Every working day, across clinics and hospital systems throughout the country, physicians sit down to do something that has nothing to do with medicine. They fill out forms, make calls, write letters, and wait. They wait for insurance reviewers, often with no clinical background relevant to the case at hand, to decide whether a treatment the physician has already evaluated, already ordered, and already deemed necessary will actually be approved. Sometimes approval comes. Often it does not. And in the hours or days between the request and the decision, patients go without care.
Prior authorization was designed, in theory, to prevent unnecessary or costly treatment. In practice, it has become something else entirely. For many physicians, it is now one of the defining frustrations of clinical life, a bureaucratic layer that sits between a diagnosis and its treatment and that demands time, energy, and documentation that could otherwise be directed at patients.

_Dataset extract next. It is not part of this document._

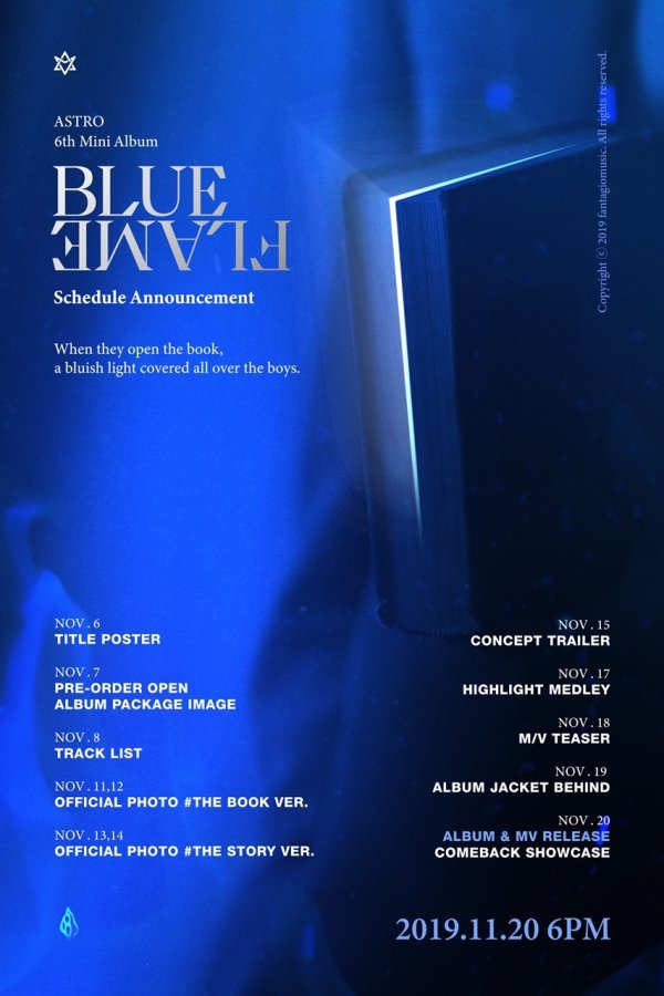 아스트로(MJ, 진진, 차은우, 문빈, 라키, 윤산하)의 소속사 판타지오뮤직은 5일 오후 6시 공식 SNS 채널을 통해 11월 20일 발매 예정인 미니 6집 앨범 \'BLUE FLAME\'(블루 플레임)의 프로모션 플랜 포스터를 공개했다.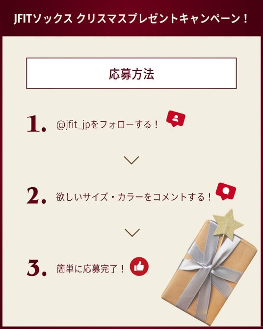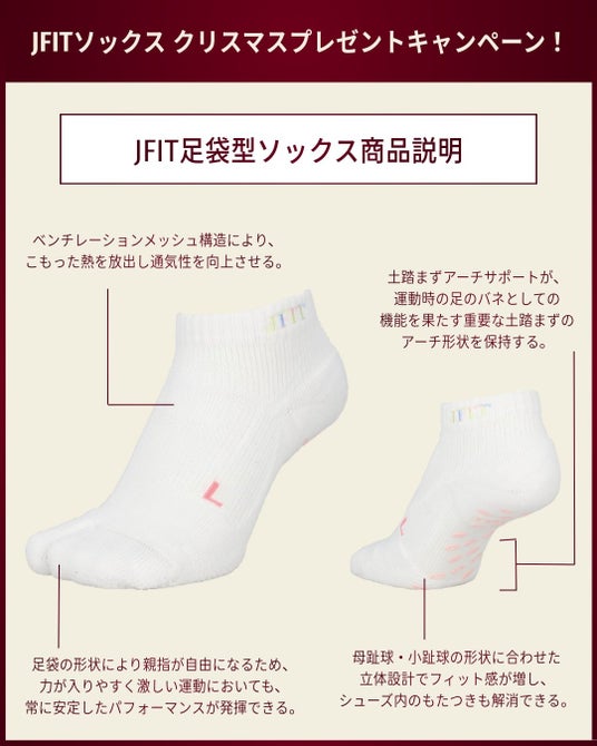 ゼット株式会社(本社/大阪市天王寺区、代表取締役社長/渡辺裕之)のオリジナルブランド『JFIT(ジェイフィット)』の公式インスタグラムアカウント(https://www.instagram.com/jfit_jp/)にて、2025年11月28日(金)~12月15日(月)の期間中、人気の足袋型ソックス【JF-SOX8】(8cm丈)が抽選で当たるクリスマスキャンペーンを開催中です。

Dr. Spencer Test, a doctor of physical therapy, works in a field where the friction is particularly acute. Physical therapy is among the specialties most frequently subjected to prior authorization requirements, and the clinical consequences of delays can be significant. A patient recovering from surgery, or managing a degenerative condition, does not have weeks to spare while paperwork moves through an insurer's review process. Function lost during that window is not always recovered.
The administrative load these requirements impose is not trivial. Research has repeatedly documented that physicians and their staff spend substantial portions of the workweek on prior authorization alone. A 2022 American Medical Association survey found that physicians complete an average of 45 prior authorization requests per week, and that more than a third of physicians reported having a staff member who works exclusively on prior authorization. The time cost is real. So is the psychological one.
What physicians describe is a system that asks them to justify, repeatedly and often redundantly, decisions they are trained and licensed to make. The denial is rarely the end of the process. It is usually the beginning of another one, an appeal, a peer-to-peer review request, a second round of documentation. And while that process unfolds, the patient waits. In some cases, the patient deteriorates. In others, the patient simply gives up and goes without.
The debate over prior authorization reform has gained some traction in recent years, with legislation introduced at both the federal and state levels to impose new timelines and transparency requirements on insurers. Progress has been slow. In the meantime, physicians like Dr. Test continue doing what the system requires of them, not because they believe it is a good use of their time, but because for their patients, there is no other option.